Blue Origin announces Space Coast launch date for New Glenn
January 7, 2025
Blue Origin got its license, the payload is secure and now it has a target launch window to try and send up its New Glenn rocket for the first time.
The company announced late Monday that it was aiming for an early Friday liftoff from Cape Canaveral Space Force Station’s Space Launch Complex 36 during a three-hour window that opens at 1 a.m.
Similar to how SpaceX recovers first-stage boosters on droneships in the Atlantic, Blue Origin has already sent out its ship Jacklyn, named after company founder Jeff Bezos’ mother, to attempt a recovery, as well.
“This is our first flight and we’ve prepared rigorously for it,” Jarrett Jones, Blue Origin’s senior vice president for New Glenn, said in a press release. “But no amount of ground testing or mission simulations are a replacement for flying this rocket. It’s time to fly. No matter what happens, we’ll learn, refine, and apply that knowledge to our next launch.”
Bezos’ company received a five-year launch license from the Federal Aviation Administration on Dec. 27, the same day Blue Origin performed a hot fire test of the rocket on the pad, marking the final steps needed before preparing for launch.
The rocket was then rolled back to the integration facility at SLC-36 to load up the payload for launch. The rocket is sending up the company’s Blue Ring Pathfinder, which is designed to prove capabilities for future deployment of fully operational Blue Ring hardware, the company’s miniature spacecraft system designed to transport customer satellites to their final orbital destinations.
“Blue Ring Pathfinder integrated. Jacklyn well underway. Launch license received.
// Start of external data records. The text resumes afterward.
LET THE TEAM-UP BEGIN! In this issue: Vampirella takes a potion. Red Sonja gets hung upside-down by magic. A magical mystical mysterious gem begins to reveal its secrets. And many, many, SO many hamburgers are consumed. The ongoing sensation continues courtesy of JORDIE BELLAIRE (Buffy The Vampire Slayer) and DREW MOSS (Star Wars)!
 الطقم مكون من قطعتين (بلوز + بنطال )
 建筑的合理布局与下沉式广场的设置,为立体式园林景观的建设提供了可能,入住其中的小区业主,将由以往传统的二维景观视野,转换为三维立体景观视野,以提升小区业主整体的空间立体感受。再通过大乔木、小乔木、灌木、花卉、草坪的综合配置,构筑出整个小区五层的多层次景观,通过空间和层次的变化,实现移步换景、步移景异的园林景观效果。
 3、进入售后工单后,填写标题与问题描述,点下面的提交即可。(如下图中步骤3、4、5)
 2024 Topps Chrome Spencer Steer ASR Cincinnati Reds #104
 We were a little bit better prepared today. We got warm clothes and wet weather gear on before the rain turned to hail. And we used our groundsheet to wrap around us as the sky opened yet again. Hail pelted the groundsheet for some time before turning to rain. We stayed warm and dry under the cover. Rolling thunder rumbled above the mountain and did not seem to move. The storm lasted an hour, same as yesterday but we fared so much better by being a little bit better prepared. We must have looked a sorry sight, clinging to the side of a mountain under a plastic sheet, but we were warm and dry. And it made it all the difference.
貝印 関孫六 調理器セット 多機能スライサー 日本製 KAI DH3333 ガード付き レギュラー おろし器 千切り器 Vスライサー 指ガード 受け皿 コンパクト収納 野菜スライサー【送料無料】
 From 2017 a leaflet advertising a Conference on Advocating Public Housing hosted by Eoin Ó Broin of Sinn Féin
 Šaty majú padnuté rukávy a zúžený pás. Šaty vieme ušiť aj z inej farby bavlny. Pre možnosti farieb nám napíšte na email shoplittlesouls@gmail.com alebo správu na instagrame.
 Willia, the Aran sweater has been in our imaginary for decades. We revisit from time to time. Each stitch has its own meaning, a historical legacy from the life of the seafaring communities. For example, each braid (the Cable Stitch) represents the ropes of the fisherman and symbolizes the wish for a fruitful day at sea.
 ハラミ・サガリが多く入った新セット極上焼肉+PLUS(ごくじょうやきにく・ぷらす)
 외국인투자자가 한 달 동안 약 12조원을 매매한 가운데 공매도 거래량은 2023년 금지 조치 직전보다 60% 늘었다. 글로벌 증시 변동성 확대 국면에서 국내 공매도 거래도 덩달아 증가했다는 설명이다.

Here we go!” Blue Origin CEO Dave Limp posted on X late Monday.
The flight plan calls for the Blue Ring Pathfinder to remain affixed within Blue Origin’s second stage during the entire flight, but it will let the company validate communications from orbit to ground, in-space telemetry, tracking and command hardware, and ground-based radiometric tracking.
The launch also acts as the first of two required certification flights needed by the company to get approved to fly national security missions.
The rocket’s debut had faced delays, and was originally targeting an October liftoff with a pair of Mars-bound satellites for NASA. NASA opted to hold off to a future New Glenn launch, though, so the company opted to fly its own hardware to start.
It has several other customers including Bezos’ old company, Amazon, which contracted New Glenn to fly a big chunk of its Project Kuiper internet satellite constellation.
The rocket stages are manufactured at the company’s facilities on Merritt Island adjacent the Kennedy Space Center Visitor Complex.
New Glenn is designed for reusability with its boosters — with the company aiming to get up to 25 reflights out of them.
Blue Origin already has practice in booster recovery with its smaller suborbital rocket New Shepard, that fly out of Texas, but the 322-foot-tall New Glenn is a much bigger brother powered by seven of the company’s BE-4 engines, able to produce up to 3.9 million pounds of thrust at liftoff.
It would be the first new company to launch from the Space Coast since Relativity Space’s Terran-1 launch in March 2023 and the first new rocket since the debut of United Launch Alliance’s Vulcan in January 2024.